Theoretical Biology and Biophysics Group, Los Alamos National Laboratory, Los Alamos, NM, USA.
Department of Ecology & Evolutionary Biology, University of Michigan, Ann Arbor, MI, USA.
Mol Biol Evol. 2024 Jun 1;41(6). doi: 10.1093/molbev/msae078.
Reassortment is an evolutionary process common in viruses with segmented genomes. These viruses can swap whole genomic segments during cellular co-infection, giving rise to novel progeny formed from the mixture of parental segments.
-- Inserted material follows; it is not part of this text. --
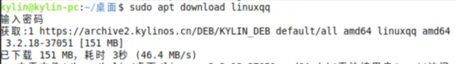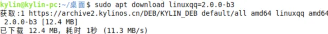 示例1:下载“linuxqq”最新版本,输入:sudo apt download linuxqq

Since large-scale genome rearrangements have the potential to generate new phenotypes, reassortment is important to both evolutionary biology and public health research. However, statistical inference of the pattern of reassortment events from phylogenetic data is exceptionally difficult, potentially involving inference of general graphs in which individual segment trees are embedded. In this paper, we argue that, in general, the number and pattern of reassortment events are not identifiable from segment trees alone, even with theoretically ideal data. We call this fact the fundamental problem of reassortment, which we illustrate using the concept of the "first-infection tree," a potentially counterfactual genealogy that would have been observed in the segment trees had no reassortment occurred. Further, we illustrate four additional problems that can arise logically in the inference of reassortment events and show, using simulated data, that these problems are not rare and can potentially distort our observation of reassortment even in small data sets. Finally, we discuss how existing methods can be augmented or adapted to account for not only the fundamental problem of reassortment, but also the four additional situations that can complicate the inference of reassortment.
重配是具有分段基因组的病毒中常见的进化过程。这些病毒在细胞共感染过程中可以交换整个基因组片段,从而产生由亲本片段混合形成的新型后代。由于大规模的基因组重排有可能产生新的表型,因此重配对于进化生物学和公共卫生研究都很重要。然而,从系统发育数据推断重配事件的模式非常困难,这可能涉及到推断一般的图,其中个体片段树被嵌入。在本文中,我们认为,一般来说,即使在理论上理想的数据条件下,仅从片段树上也无法识别重配事件的数量和模式。我们将这一事实称为重配的基本问题,并使用“首次感染树”的概念来说明这一问题,这是一种潜在的反事实的系统发育,即在没有发生重配的情况下,本应在片段树上观察到的系统发育。此外,我们还说明了在推断重配事件时可能会出现的另外四个逻辑问题,并使用模拟数据表明,这些问题并不罕见,即使在小数据集上,也可能会扭曲我们对重配的观察。最后,我们讨论了如何扩展或调整现有方法,不仅可以解决重配的基本问题,还可以解决可能使重配推断复杂化的另外四个情况。